The paper introduces the VGPT-PINN framework, a viscosity-enhanced generative pre-trained physics-informed neural network designed to solve parameterized nonlinear conservation laws. This technique extends conventional PINNs with enhancements like a transform layer, viscosity strategies, and a separable training process to efficiently capture intricate shock formations and interactions in scenarios governed by nonlinear conservation laws.

Network Architecture

VGPT-PINN builds on the traditional PINN architecture by integrating a transform layer and an adaptive meta-network. The transform layer facilitates the proper alignment of shocks and discontinuities across different parameterized states. This is crucial for model order reduction in hyperbolic PDEs where fixed structures typically fail. The architecture aims to efficiently solve equations like the inviscid Burgers' and Euler equations through a reduced setup without requiring prior knowledge about the equations.

Figure 1: The VGPT-PINN design schematic for Burgers' (top) and Euler (bottom) equations. For any given parameter value $\mu$, a $\mu$-dependent loss is constructed and the coefficients $\{c_i(\mu)\}_{i=1}^n$ and the weights and biases in $\{\mathcal{T}_{\mu,\mu^i}\}_{i=1}^n$ are trained.

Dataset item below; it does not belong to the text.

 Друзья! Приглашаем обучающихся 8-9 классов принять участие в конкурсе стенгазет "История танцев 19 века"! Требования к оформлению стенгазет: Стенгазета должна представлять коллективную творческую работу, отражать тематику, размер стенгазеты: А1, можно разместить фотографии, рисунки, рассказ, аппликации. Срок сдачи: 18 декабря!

Loss Function and Viscosity Enhancement

An integral part of the VGPT-PINN is its sophisticated loss function which integrates the viscosity effect. The loss function comprises weighted terms for the PDE, initial and boundary conditions, as well as the Rankine–Hugoniot condition. This comprehensive design addresses overfitting near discontinuities and enhances the network's ability to capture physically accurate shock dynamics. A notable component is the inclusion of a shock detection indicator, which focuses the model’s resources on regions with high-impact discontinuities.

Numerical Experiments and Results

1D Burgers' and Euler Equations

The VGPT-PINN was evaluated on several benchmark cases, including scenarios with single and multiple shocks, rarefaction waves, and shock-wave interactions. Across five significant Burgers' equation test cases, VGPT-PINN demonstrated it can achieve precision with a minimal neuron configuration. Similarly, for the 1D Euler equations, the VGPT-PINN exhibited a rapid convergence and accurately modeled complex interactions with as few as three neurons.

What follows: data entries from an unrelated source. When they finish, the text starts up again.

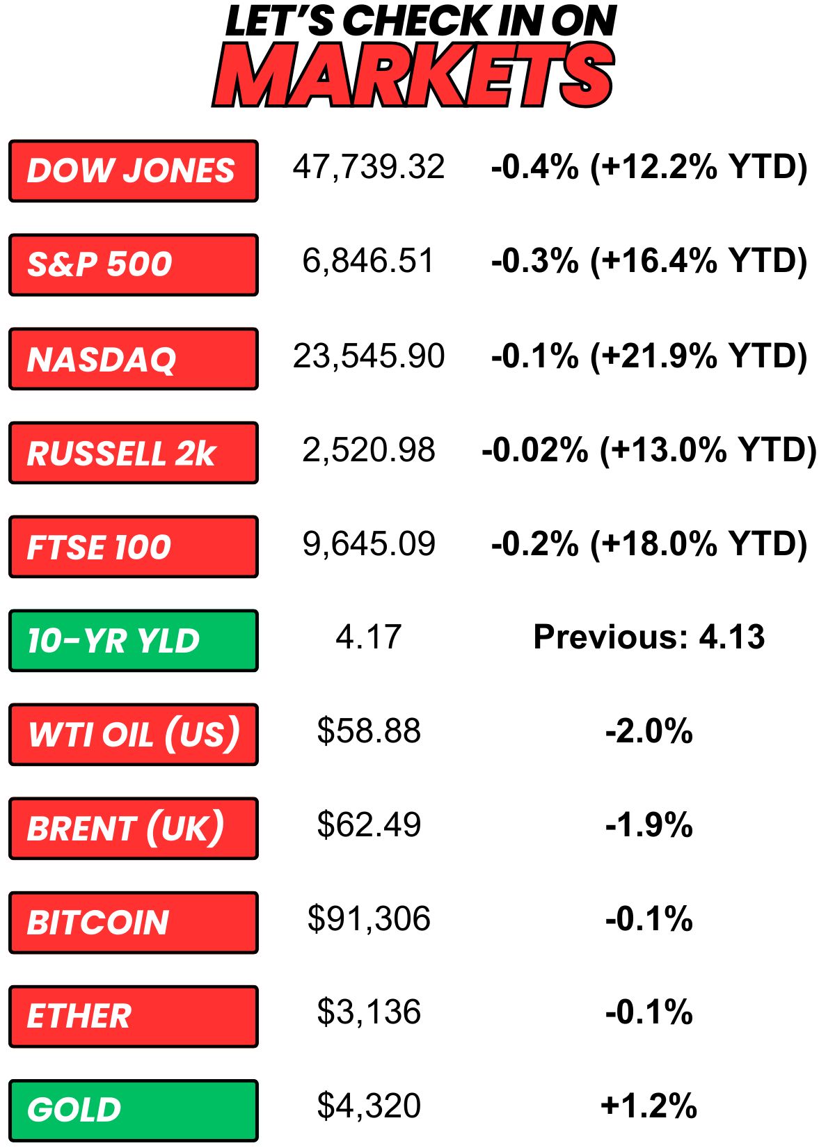 + The 10-year yield “climbed, with investors facing a series of auctions beginning Monday and a Fed rate decision Wednesday that may alter 2026 policy expectations.” (Yahoo! Finance)
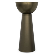 - Multipurpose tall metal table can be used as an end table, side table, or decorative piece.
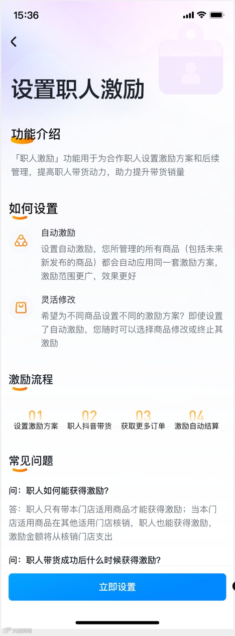 商家配置入口: 进入「职人管理」页面后,即可查看到「职人激励」相关设置引导。 点击「去设置」进入配置页面。 |

Figure 2: Results of Case ${\rm B_{1S}$ demonstrating VGPT-PINN’s accuracy in capturing single shock propagation.

Figure 3: PINN results for the Sod problem. (a-c) $x-t$ solution for $p_1 = 1.0, (d-f) comparison with a reference solution.

Figure 4: PINN results for the Lax problem. Demonstrates handling of strong shocks and contact discontinuities.

2D Euler Equations

For 2D problems, VGPT-PINN achieved promising performance in modeling transonic flow through a cylinder, capturing dynamics precisely with small network sizes. This exemplifies its capability to address high-dimensional parametric PDEs efficiently.

Figure 5: PINN and VGPT-PINN results for 2D Euler equations. The network efficiently handles density profiles and established shock dynamics.

Conclusion

VGPT-PINN represents a significant advancement in the use of neural networks for the solution of complex PDEs with nonlinear conservation laws. The incorporation of viscosity effects and sophisticated loss functions allows this model to achieve high accuracy and robustness with significantly reduced computation, opening pathways to efficient network-based solvers for a wide range of applications in science and engineering. Future work may explore extending this approach to more generalized multidimensional spaces and integrating hybrid models that combine data-driven methods with traditional numerical techniques for even greater efficiency and accuracy.